+++ Information provided +++

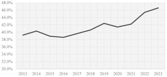 Share of China’s imports and exports with the Belt and Road Initiative partner countries in China’s total foreign trade. Data sources: website of the xinhuanet, The Belt and Road Initiative: A Key Pillar of the Global Community of Shared Future (http://www.xinhuanet.com/2023-10/10/c_1129907870.htm, accessed on 19 March 2024).
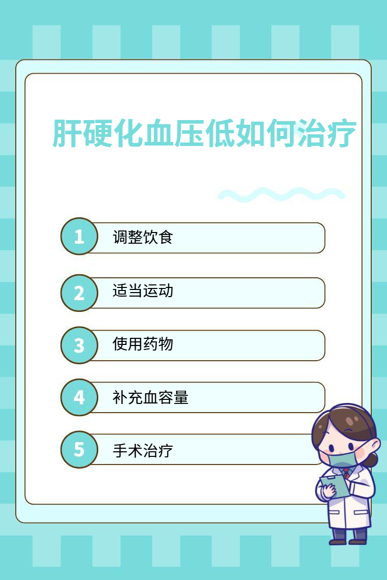 肝硬化血压低可通过调整饮食、适当运动、使用药物、补充血容量、手术治疗等方法进行治疗。
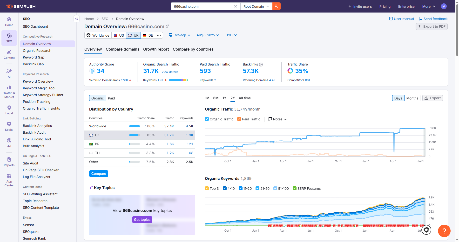 We’ve compiled 666 Casino’s estimated traffic using insights from Ahrefs.com and Semrush.
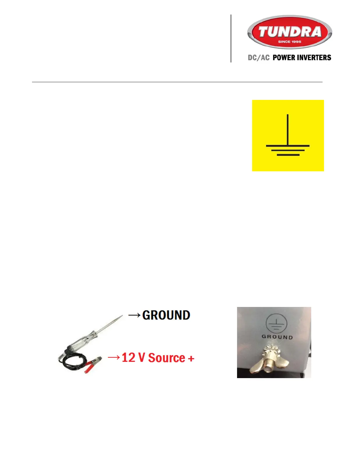 1. Using a test lamp, connect a 12 V power source to the grounding bolt on the back panel of the power
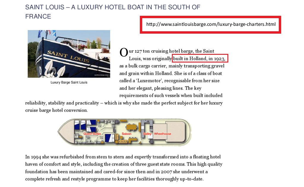 ‘’Construit en 1923 par Gebroeders Boot à Alphen aan den Rijn aux Pays-Bas, le Saint Louis était un vraquier et a servi sur les mers intérieures et les voies navigables néerlandaises transportant des cargaisons de céréales et de gravier jusqu'en 1985 environ. À cette époque, il a été converti pour être utilisé comme navire de ravitaillement dans le port d'Amsterdam, sous le nom de Supplier 2. En 1994, il a été vendu puis transformé en péniche hôtelière.’’
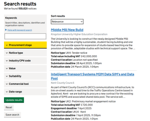 - Suitability, where you can include tender opportunities which are suitable for SMEs and VCSEs (such as grant or research funding).
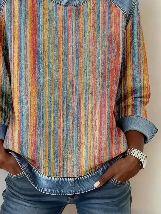 Women's Abstract Stripes Print Patchwork Denim Crewneck Long-Sleeved Sweatshirt
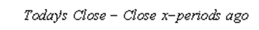 When the Rate-of-Change displays the price change in points, it subtracts the price x-time periods ago from today’s price:
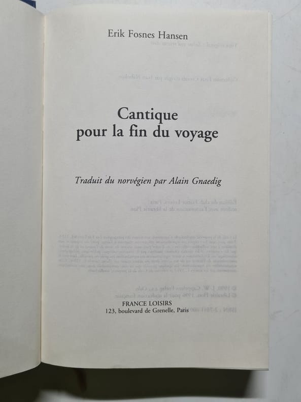 France loisirs 1996 500 pages in8. 1996. Relié jaquette. 500 pages. Traduction : Alain Gnaedig. En fin de volume 9 pages illustrées sur le livre et l'auteur. Qui étaient les musiciens qui selon la légende jouèrent des valses des ragtimes et des cantiques pour que les passagers de première classe ne s'inquiètent pas - lors que le Titanic coulait ? Par le biais de sept musiciens fictifs Erick Fosnes Hansen raconte l'Europe de la culture et de l'art. sept destins emblématiques comme autant de résumés de la comédie humaine : Jason Coward le chef d'orchestre londonien incarnation d'une Angleterre triomphante ; Alex le premier violon qui a fuit St-Pétersbourg ; James Reel pur Irlandais qui se veut d'avantage marin qu'altiste ; Georges Donner le violoncelliste un Français lettré raffiné ironique ; spot le pianiste allemand cocaïnonmane qui a abandoné femme et enfant ; David Bliernstern très jeune viloniste qu'une histoire de c ur a poussé à fuir Vienne et Giovanni Pétronio Vitellotest le contrebassiste hanté par la magie de la musique et le jeu des apparences.Pour tous ces hommes le destin a fixé un rendez-vous avec la mort : le 15 avril 1912 quand le navire après avoir heurté un iceberg s'enfoncera dans une mer glacée...Erick fosnes Hansen est né à New York en 1965 de parents norvégiens. A vingt ans il publie son premier roman très remarqué par la critique. Cantique pour la fin du voyage son deuxième roman a été d'emblée un immense best-seller en Norvège en Allemagne et à travers le monde. cantique pour la fin du voyage n'est pas seulement un grand roman classique sur l'expérience de fla maturité de l'amitié et de l'amour de l'âge adulte et du désastre...c'est aussi un portrait très moderne de la beauté et de l'autodestruction dans la culture européenne

+++

■ What to work on: Although pictures appear among the records above, none are to be output; print exactly the lines from the line containing "We’ve compiled 666" through the line containing "1. Using a test".

■ Exercise answer:
 We’ve compiled 666 Casino’s estimated traffic using insights from Ahrefs.com and Semrush.
 1. Using a test lamp, connect a 12 V power source to the grounding bolt on the back panel of the power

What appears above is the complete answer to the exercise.